5 Example Data Analysis

To show my skills working with basic datasets I have imported data from a C. elegans experiment and have made a few graphs based on this data. The dataset was provided by J. Louter (INT/ILC)

First thing is loading in some needed libraries and the data itself

library(readxl)
library(tidyverse)
library(here)
library(DT)

To import the data I used the “read_excel()” function in combination with the “here()” function. The read_excel function is used to import excel files to an object, this object can now be used to call the dataset. The here() function is used to assign the path to the file wich is imported, in this case the data is stored in the data folder.

I first looked at the data that was provided, there are 360 rows of data. In the next table the data is visible. This datatable is shown using the “datatable()” function, I set the option scrollx to true, because of this it is possible to scroll through all the data.

I also made a table showing some descriptive statistics of the data using the summarise function.

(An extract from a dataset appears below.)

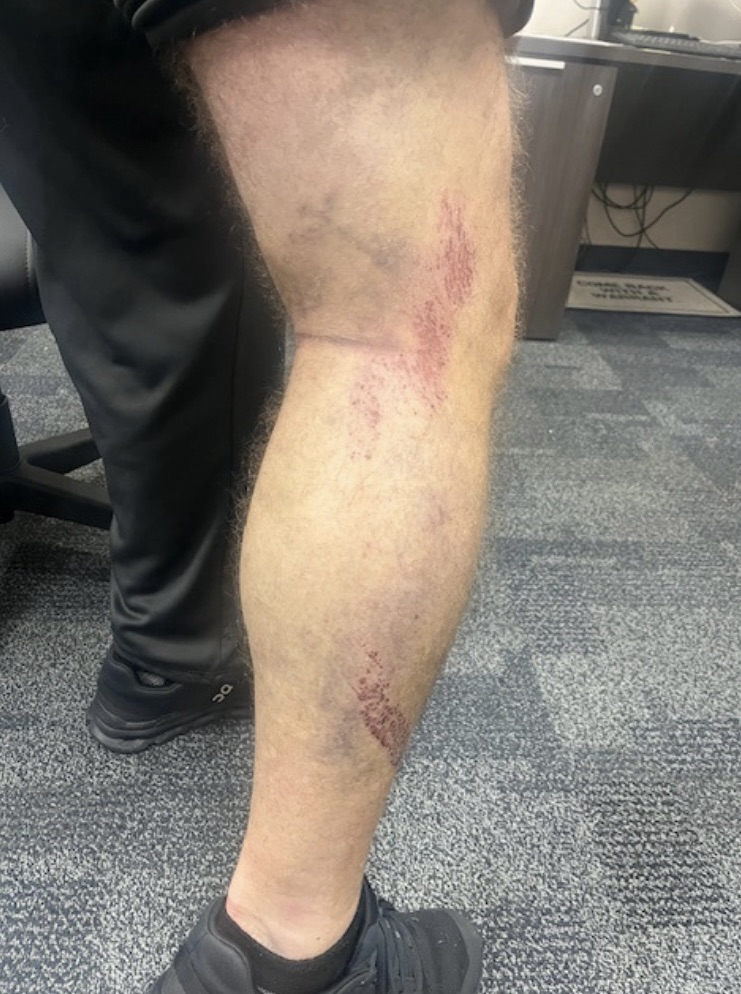 Responding officers quickly located Arrindell on East Bay Boulevard. He fled on foot but sustained a severe leg injury after attempting to climb a barbed-wire fence. Arrindell was provided medical treatment before being booked into jail.

With the help of this table I made a bar graph for better visualisation of the descriptive statistics

# load the data in a datatable
datatable(data, options = list(scrollx=TRUE))
# summarise some descripte statistics
data_summary <- data %>% group_by(compName) %>% summarise(mean = mean(RawData, na.rm = TRUE), sd = sd(RawData, na.rm = TRUE), minimum = min(RawData, na.rm = TRUE), maximum = max(RawData, na.rm = TRUE))

# here I loaded the data for visibility in the markdown file
datatable(data_summary) %>% formatRound(columns=c('mean', 'sd'), digits=2)
# plotting the descriptive statistics
data_summary %>% 
  ggplot(aes(x = compName, y = mean, fill = compName)) +
  geom_bar(stat = "identity") +
  theme_minimal() +
  geom_errorbar(aes(x = compName, ymin=mean-sd, ymax=mean+sd), width = 0.2) +
  labs(
    title = "average amount of offspring per substrate",
    y = "average ammount of offspring"
  )

After I imported the data I looked at which classes where assigned to the variables. Most variables where imported correctly. compConcentration was imported as a character but it was a number. So I changed the class to numeric using the “as.numeric()” command.

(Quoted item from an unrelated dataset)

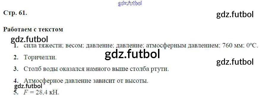 Готовые домашние задания по Физике за 7 класс Артеменков Тетрадь-тренажер Сферы 2016 ФГОС - Глава 6. Атмосфера и атмосферное давление стр.61
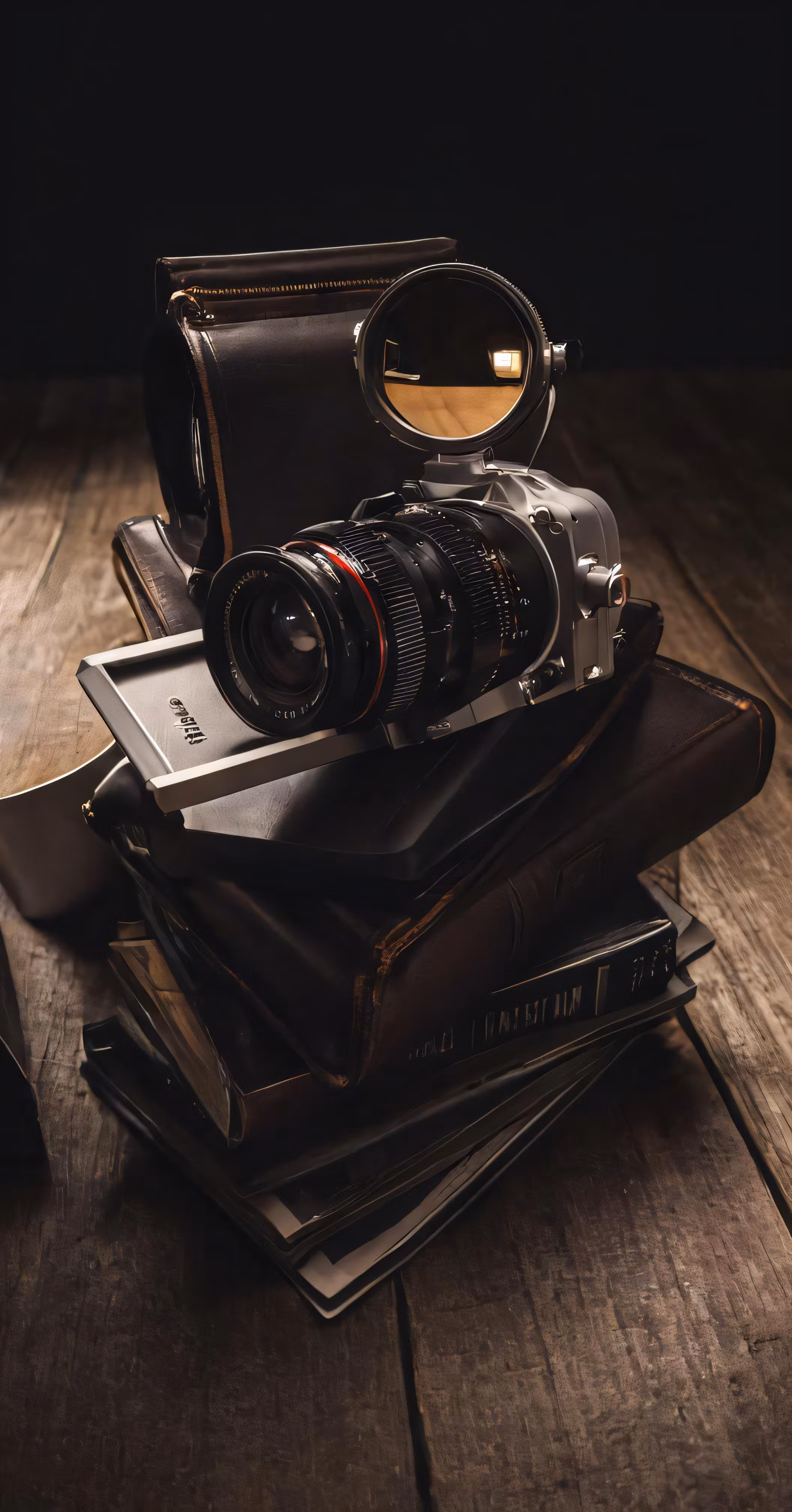 High resolution picture, free to use, a photo camera on top of a stack of books

I plotted the data using ggplot, where I used the compConcentration as the x-axis and the amount of offspring as the y-axis.

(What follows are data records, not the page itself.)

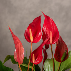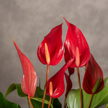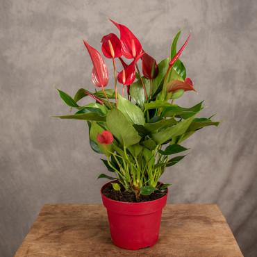 Anturium 'Banderola Roja' to roślina doniczkowa o efektownych, intensywnie czerwonych kwiatach i zielonych, błyszczących liściach. Anturium jest rośliną pochodzącą z tropikalnych obszarów, dlatego wymaga stałej temperatury i podwyższonej wilgotności powietrza. Kwitnie przez większą część roku.
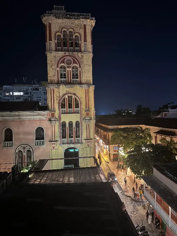 루프탑에 올라서니 시원한 바람이 기분 좋게 불어옵니다. 눈 앞에 펼쳐진 카르타헤나의 야경은 탄성을 자아낼 만큼 아름답습니다. 붉게 물든 하늘과 고풍스러운 건물들이 어우러져 그림 같은 풍경을 만들어냅니다. 이런 멋진 야경을 바라보며 맛있는 음식을 즐길 수 있다니, 정말 꿈만 같습니다.
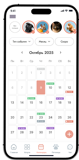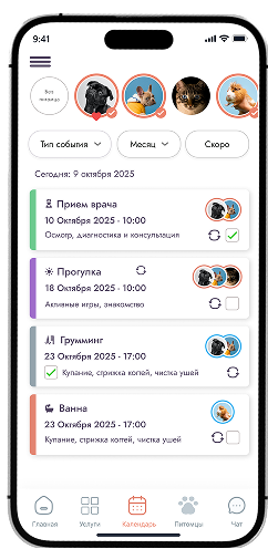 Удобная система типов событий (здоровье, питание, процедуры) позволяет мгновенно оценить предстоящие задачи. Это не просто календарь, а продуманная система заботы, которая помогает дарить питомцу больше внимания и бережет ваше время.

#compConcentration in numeric veranderen
data$compConcentration <- as.numeric(data$compConcentration)

#grafiek maken
ggplot(data = data, aes(x = compConcentration, y = RawData)) +
  geom_point(aes(color = compName, 
                 shape = compName))+
  labs(title = "Number of offspring per concentration",
       y = "Number of offspring",
       x = "Concentration of compound") +
  theme_minimal()

Because I changed to compConcentration variable to numeric the x-axis data is readable, otherwise it would have been impossible to read because there would be a lot of text clutter on the x-axis.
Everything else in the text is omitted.